Data:
◇ ◇ ◇ ◇ ◇ ◇ ◇

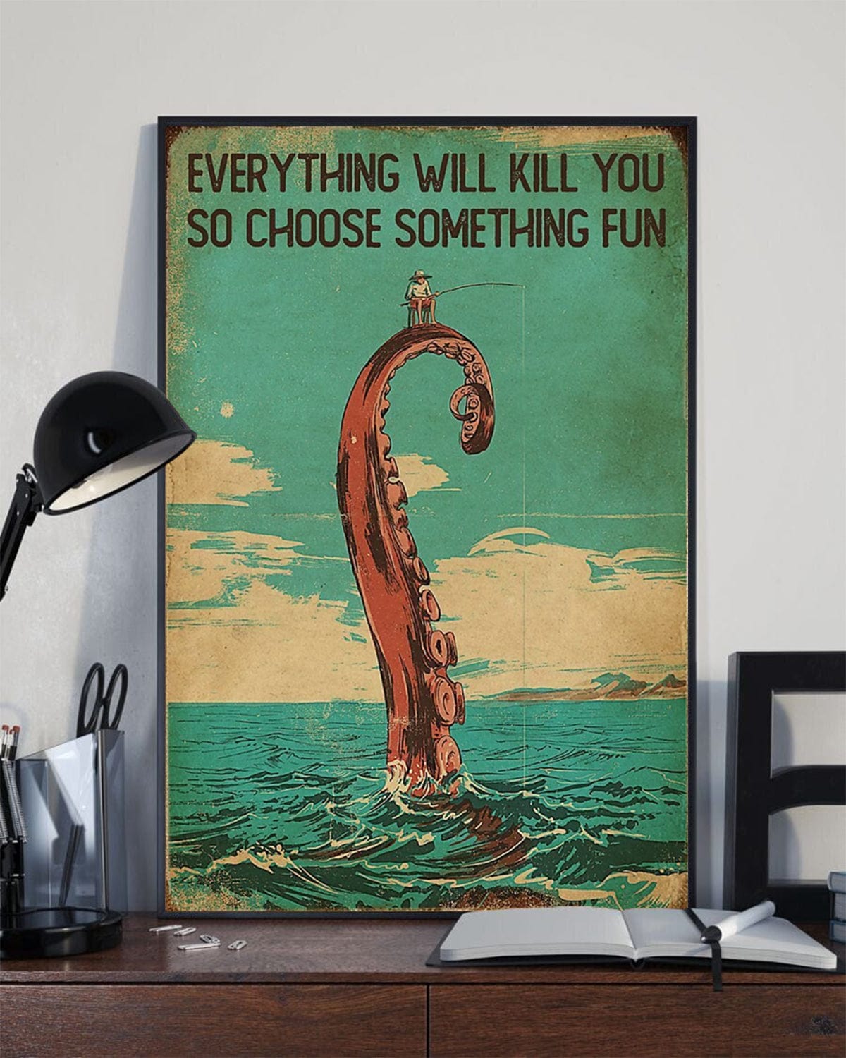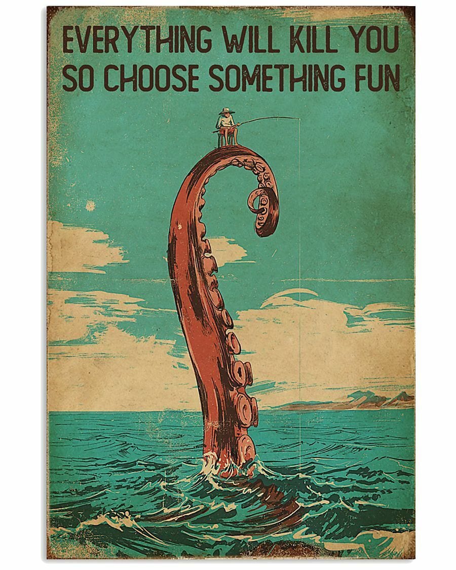 Póster vintage de pesca: Todo te matará, así que elige algo divertido, lienzo
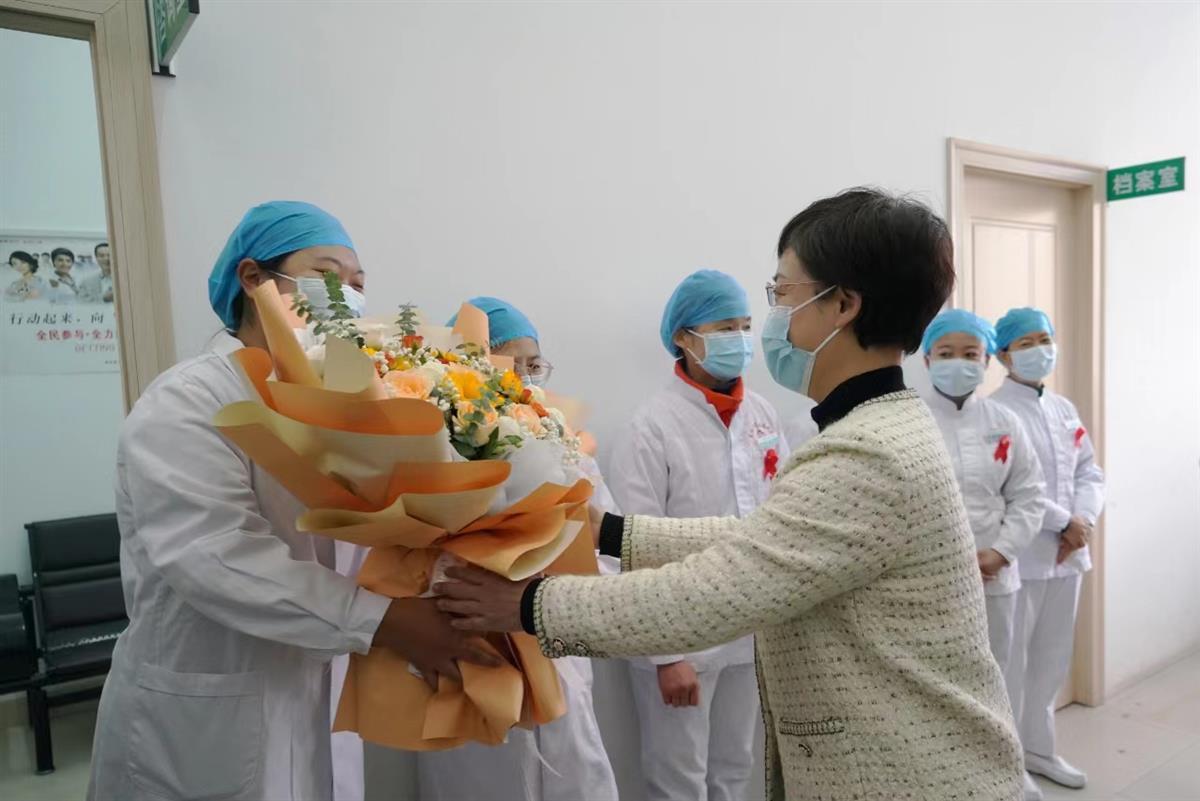 启动仪式前,襄阳市副市长王芳看望慰问艾滋病病毒感染者和艾防战线医护人员代表,并鼓励艾滋病病毒感染者乐观面对生活和疾病,积极配合治疗。
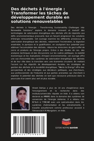 Des déchets à l'énergie : Transforming Sustainability Challenges into Renewable Solutions" explore le domaine innovant et évolutif des technologies de valorisation énergétique des déchets afin de répondre aux défis environnementaux pressants tout en faisant progresser les solutions d'énergie renouvelable. Cet ouvrage examine les différents processus de valorisation énergétique des déchets, notamment l'incinération, la digestion anaérobie, la pyrolyse et la gazéification, en soulignant leur potentiel pour atténuer l'accumulation des déchets, réduire les émissions de gaz à effet de serre et produire de l'énergie propre. Grâce à des études de cas, des analyses techniques et des discussions sur les cadres politiques, la viabilité économique et les évaluations d'impact environnemental, cet ouvrage offre une vue d'ensemble des systèmes de valorisation énergétique des déchets et de leur rôle dans la transition vers une économie circulaire. En mettant l'accent sur les objectifs de développement durable, les stratégies de gestion des déchets et la durabilité énergétique, "Waste to Energy" offre des perspectives et des stratégies aux décideurs politiques, aux chercheurs, aux professionnels de l'industrie et aux parties prenantes qui cherchent à exploiter le potentiel des déchets en tant que ressource précieuse dans la poursuite d'un avenir plus vert et plus durable.
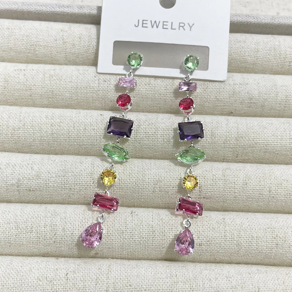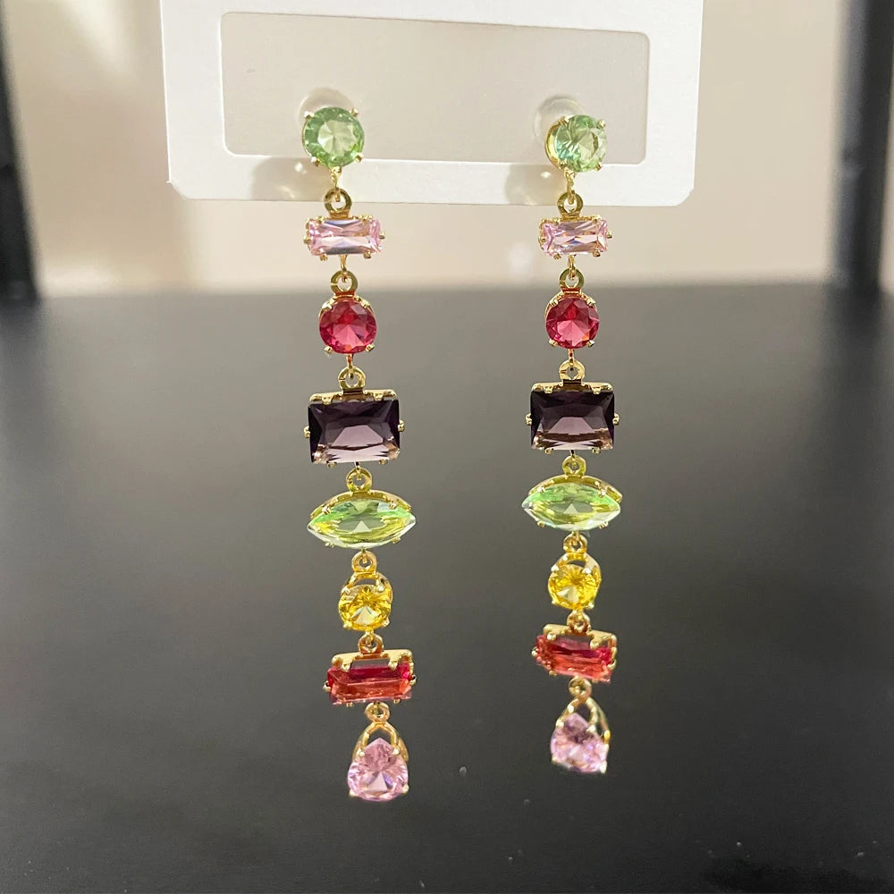 πβ¨ Kawaii Rainbow Crystal Drop Earrings ππ - Adorable Cubic Zirconia Bridal Accessories for Womenβs Special Occasions! ππ

◇ ◇ ◇ ◇ ◇ ◇ ◇

Aim of the exercise: Would you please repeat the lines above exactly, from the first line of the listing through the line holding "启动仪式前,襄阳市副市长王芳", with nothing added and no pictures?

Exercise answer:
 Póster vintage de pesca: Todo te matará, así que elige algo divertido, lienzo
 启动仪式前,襄阳市副市长王芳看望慰问艾滋病病毒感染者和艾防战线医护人员代表,并鼓励艾滋病病毒感染者乐观面对生活和疾病,积极配合治疗。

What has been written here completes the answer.